◆ TASK TO COMPLETE:
From the first line of the entries through the line containing "不仅如此,何超莲的某信头像也", output everything exactly except the pictures.
____
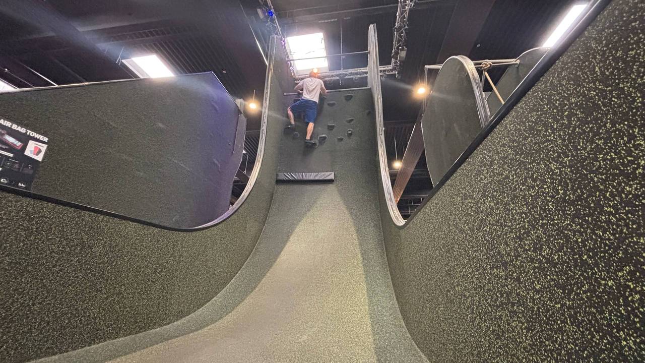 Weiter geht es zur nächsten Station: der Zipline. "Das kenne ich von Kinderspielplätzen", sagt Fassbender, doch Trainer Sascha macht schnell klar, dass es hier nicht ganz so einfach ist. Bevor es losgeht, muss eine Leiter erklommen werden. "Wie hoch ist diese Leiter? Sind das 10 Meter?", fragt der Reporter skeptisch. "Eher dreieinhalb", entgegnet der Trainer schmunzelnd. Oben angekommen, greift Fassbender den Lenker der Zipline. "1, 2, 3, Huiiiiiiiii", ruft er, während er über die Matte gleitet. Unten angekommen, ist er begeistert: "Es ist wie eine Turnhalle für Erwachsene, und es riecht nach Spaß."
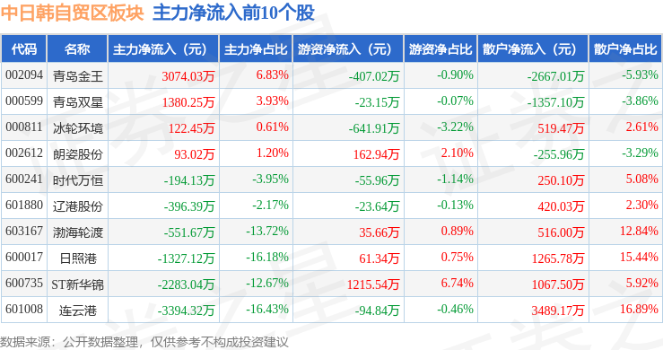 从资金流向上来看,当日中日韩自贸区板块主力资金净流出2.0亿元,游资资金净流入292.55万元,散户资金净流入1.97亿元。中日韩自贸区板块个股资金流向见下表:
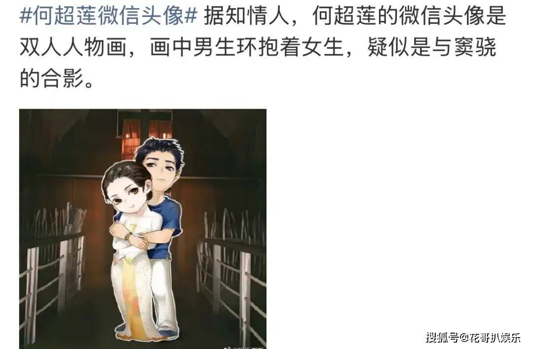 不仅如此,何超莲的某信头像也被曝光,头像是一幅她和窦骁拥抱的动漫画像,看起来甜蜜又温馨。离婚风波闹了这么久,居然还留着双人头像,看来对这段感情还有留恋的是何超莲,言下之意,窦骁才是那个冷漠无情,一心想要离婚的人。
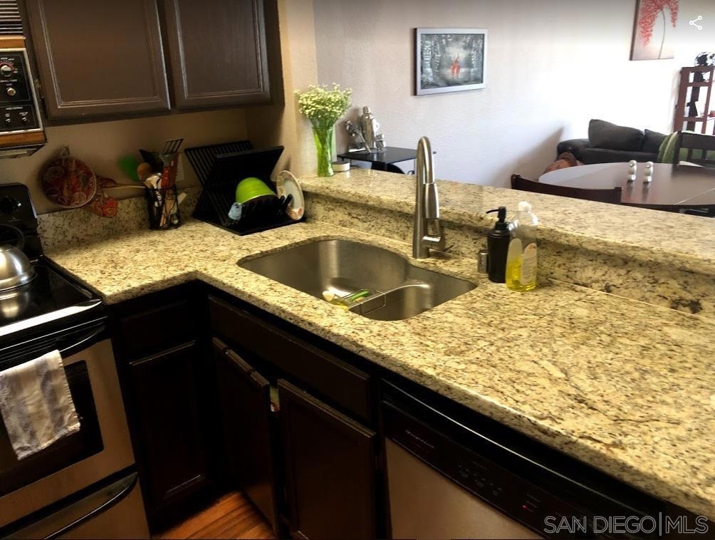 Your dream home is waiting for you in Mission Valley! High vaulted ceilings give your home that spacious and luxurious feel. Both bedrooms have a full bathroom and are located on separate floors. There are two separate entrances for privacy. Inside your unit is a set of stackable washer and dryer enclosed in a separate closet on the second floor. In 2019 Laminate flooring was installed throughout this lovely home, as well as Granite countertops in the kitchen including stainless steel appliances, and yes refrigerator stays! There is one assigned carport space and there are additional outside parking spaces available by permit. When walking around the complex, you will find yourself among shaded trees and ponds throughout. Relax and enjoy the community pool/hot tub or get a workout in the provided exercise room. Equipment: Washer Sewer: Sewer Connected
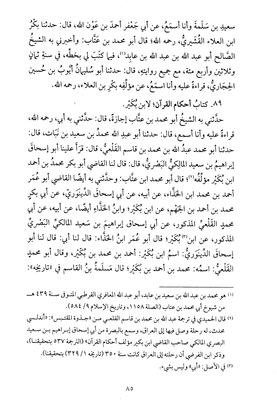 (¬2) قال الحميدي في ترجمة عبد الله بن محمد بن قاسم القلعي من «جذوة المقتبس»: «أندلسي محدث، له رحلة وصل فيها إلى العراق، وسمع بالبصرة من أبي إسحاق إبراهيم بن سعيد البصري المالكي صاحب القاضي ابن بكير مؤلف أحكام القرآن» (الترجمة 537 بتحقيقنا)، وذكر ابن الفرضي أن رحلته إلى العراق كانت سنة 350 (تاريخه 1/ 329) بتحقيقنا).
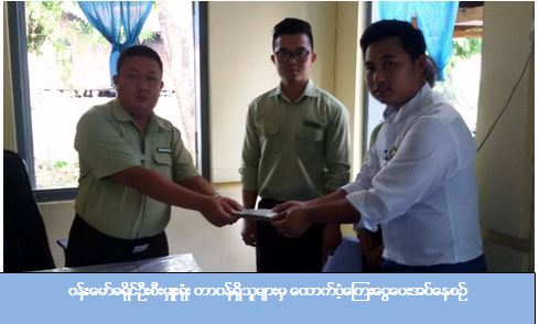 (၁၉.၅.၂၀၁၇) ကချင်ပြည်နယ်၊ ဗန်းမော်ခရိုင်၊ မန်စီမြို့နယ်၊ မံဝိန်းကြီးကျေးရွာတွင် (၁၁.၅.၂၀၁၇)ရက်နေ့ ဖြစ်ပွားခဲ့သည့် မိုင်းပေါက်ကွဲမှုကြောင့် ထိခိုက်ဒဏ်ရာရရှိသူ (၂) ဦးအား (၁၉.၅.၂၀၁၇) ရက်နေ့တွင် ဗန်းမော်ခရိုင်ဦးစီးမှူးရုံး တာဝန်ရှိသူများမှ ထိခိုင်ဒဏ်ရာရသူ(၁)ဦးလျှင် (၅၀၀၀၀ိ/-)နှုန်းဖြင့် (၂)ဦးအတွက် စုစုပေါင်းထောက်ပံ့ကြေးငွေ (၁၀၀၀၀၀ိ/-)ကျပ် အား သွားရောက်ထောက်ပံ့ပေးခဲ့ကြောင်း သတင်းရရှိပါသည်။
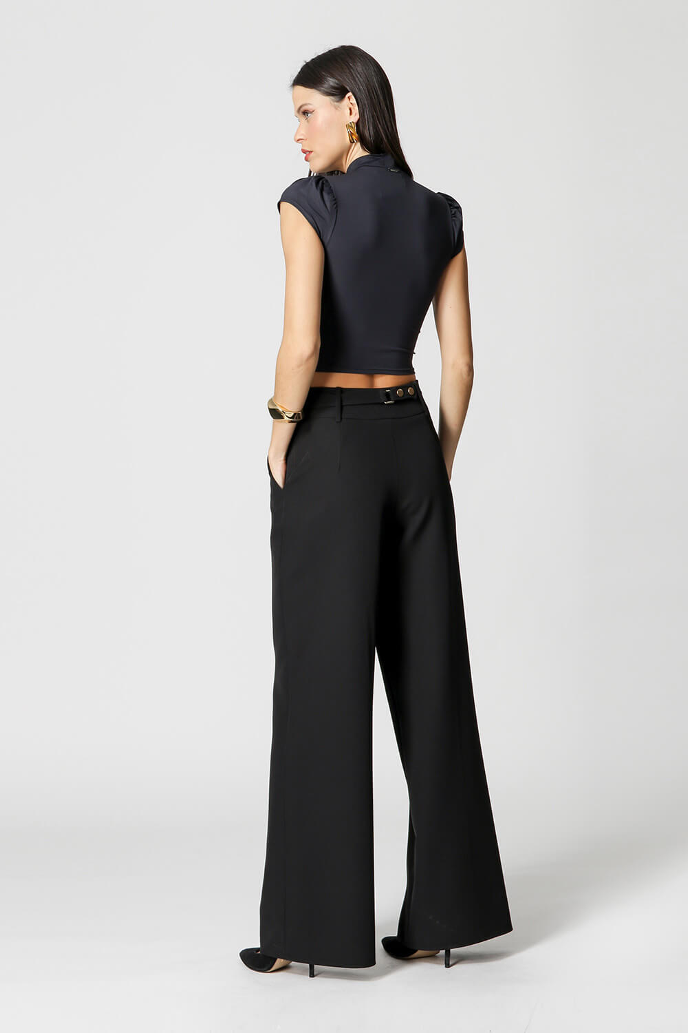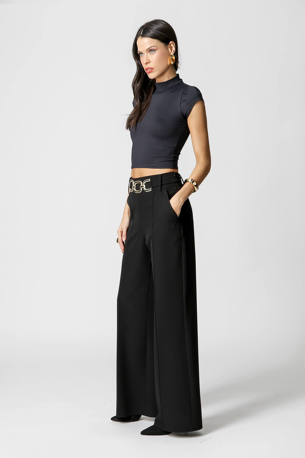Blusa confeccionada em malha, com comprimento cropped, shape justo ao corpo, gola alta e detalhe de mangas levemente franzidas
____
◆ EXERCISE RESULT:
 Weiter geht es zur nächsten Station: der Zipline. "Das kenne ich von Kinderspielplätzen", sagt Fassbender, doch Trainer Sascha macht schnell klar, dass es hier nicht ganz so einfach ist. Bevor es losgeht, muss eine Leiter erklommen werden. "Wie hoch ist diese Leiter? Sind das 10 Meter?", fragt der Reporter skeptisch. "Eher dreieinhalb", entgegnet der Trainer schmunzelnd. Oben angekommen, greift Fassbender den Lenker der Zipline. "1, 2, 3, Huiiiiiiiii", ruft er, während er über die Matte gleitet. Unten angekommen, ist er begeistert: "Es ist wie eine Turnhalle für Erwachsene, und es riecht nach Spaß."
 从资金流向上来看,当日中日韩自贸区板块主力资金净流出2.0亿元,游资资金净流入292.55万元,散户资金净流入1.97亿元。中日韩自贸区板块个股资金流向见下表:
 不仅如此,何超莲的某信头像也被曝光,头像是一幅她和窦骁拥抱的动漫画像,看起来甜蜜又温馨。离婚风波闹了这么久,居然还留着双人头像,看来对这段感情还有留恋的是何超莲,言下之意,窦骁才是那个冷漠无情,一心想要离婚的人。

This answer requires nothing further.